Meta Will Jettison Giphy Following CMA Ruling

Giphy

Meta Platforms says it will sell the GIF generator Giphy following an order from the U.K.’s Competition and Markets Authority Tuesday (Oct. 18).

According to a CMA news release, the authority “has found that Meta’s takeover of Giphy could allow Meta to limit other social media platforms’ access to GIFs, making those sites less attractive to users and less competitive.”

The authority also found that the $400 million deal took Giphy out of the running as a potential challenger in the British display advertising market, which would keep U.K. businesses from benefiting from innovation in that sector.

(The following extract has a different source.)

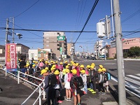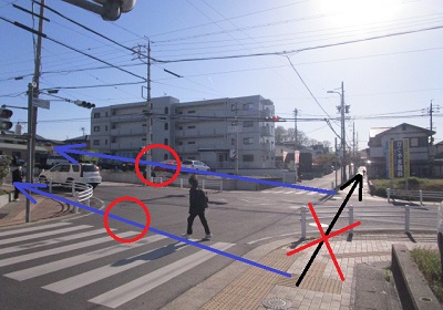 「岩崎竹の山西」交差点では、8:00~8:10の間は小学生の登校で大変混雑しています。
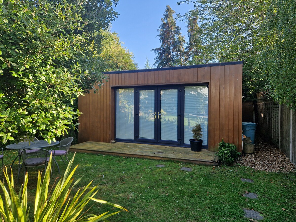 Anexo independiente bellamente decorado y elegante en el sur de Cambridge, con dormitorio y sala de estar (incluida la cocina), además de un baño independiente. Para darte total independencia, el anexo tiene acceso independiente desde la casa principal más aparcamiento fuera de la carretera. Tendrás acceso al jardín familiar que tiene unas vistas impresionantes. Te sentirás como si estuvieras en un tranquilo escondite rural, pero también estarás muy bien situado para acceder al centro de Cambridge, al hospital Addenbrookes y a los campus Genome y Babraham.

Learn more: UK’s CMA Demands That Meta Sell Giphy

According to published reports, Meta says it will accept the CMA ruling as final and work with the authority on divesting Giphy.

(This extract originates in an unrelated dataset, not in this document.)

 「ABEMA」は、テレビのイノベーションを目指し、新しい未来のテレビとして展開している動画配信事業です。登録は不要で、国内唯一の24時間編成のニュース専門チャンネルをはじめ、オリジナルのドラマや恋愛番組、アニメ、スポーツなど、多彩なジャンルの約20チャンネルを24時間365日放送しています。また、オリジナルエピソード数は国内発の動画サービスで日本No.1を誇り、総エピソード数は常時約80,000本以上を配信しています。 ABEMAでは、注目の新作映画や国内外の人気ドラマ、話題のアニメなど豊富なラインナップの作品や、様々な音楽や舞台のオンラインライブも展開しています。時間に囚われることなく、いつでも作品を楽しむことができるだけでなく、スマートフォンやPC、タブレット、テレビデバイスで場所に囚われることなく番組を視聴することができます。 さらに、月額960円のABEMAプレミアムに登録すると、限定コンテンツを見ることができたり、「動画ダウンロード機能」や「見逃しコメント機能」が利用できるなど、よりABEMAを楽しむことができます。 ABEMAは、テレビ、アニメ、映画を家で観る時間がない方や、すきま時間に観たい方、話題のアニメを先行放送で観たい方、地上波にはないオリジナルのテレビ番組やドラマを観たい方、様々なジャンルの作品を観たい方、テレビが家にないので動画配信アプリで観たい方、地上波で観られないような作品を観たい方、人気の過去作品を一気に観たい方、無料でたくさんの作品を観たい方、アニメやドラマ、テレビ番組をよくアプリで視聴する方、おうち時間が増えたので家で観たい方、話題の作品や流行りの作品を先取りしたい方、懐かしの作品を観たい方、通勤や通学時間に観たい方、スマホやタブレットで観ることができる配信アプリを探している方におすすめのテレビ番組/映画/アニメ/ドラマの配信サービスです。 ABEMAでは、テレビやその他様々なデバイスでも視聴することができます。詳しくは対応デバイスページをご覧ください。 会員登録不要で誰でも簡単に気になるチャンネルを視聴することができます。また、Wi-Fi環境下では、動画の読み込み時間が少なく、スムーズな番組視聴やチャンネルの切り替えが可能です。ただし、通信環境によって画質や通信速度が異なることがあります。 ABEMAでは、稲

The CMA first expressed concern about the Meta (then still calling itself Facebook) purchase of Giphy in August of 2021. The decision marked the first time a global regulator had tried to force a Big Tech firm to walk back a finished deal.

“Millions of posts every day on social media sites now include a GIF,” the CMA said at the time. “Any reduction in the choice or quality of these GIFs could significantly affect how people use these sites and whether or not they switch to a different platform, such as Facebook.”

In November of last year, that concern became a demand, with the CMA ordering the social media giant to sell Giphy. Meta appealed the ruling in June and enjoyed a short-lived victory, only to have the tribunal send the case back to the CMA the following month.

Read more: UK Court Sends Meta Giphy Case Back to Antitrust Watchdog

As PYMNTS reported in July, Britain’s Competition Appeal Tribunal (CAT) largely backed the CMA’s decision to make Meta sell Giphy, but found that the CMA failed to properly inform Meta of Snapchat’s acquisition of Gfyca, information that could have bolstered Meta’s case.

However, the CMA said Tuesday that it had spent the last three months examining third-party evidence and submissions from Meta and Giphy and found that the deal would allow Meta to “increase its already significant market power” by denying or limiting other platform’s access to Giphy’s GIFs, thus shifting users to Meta-owned sites.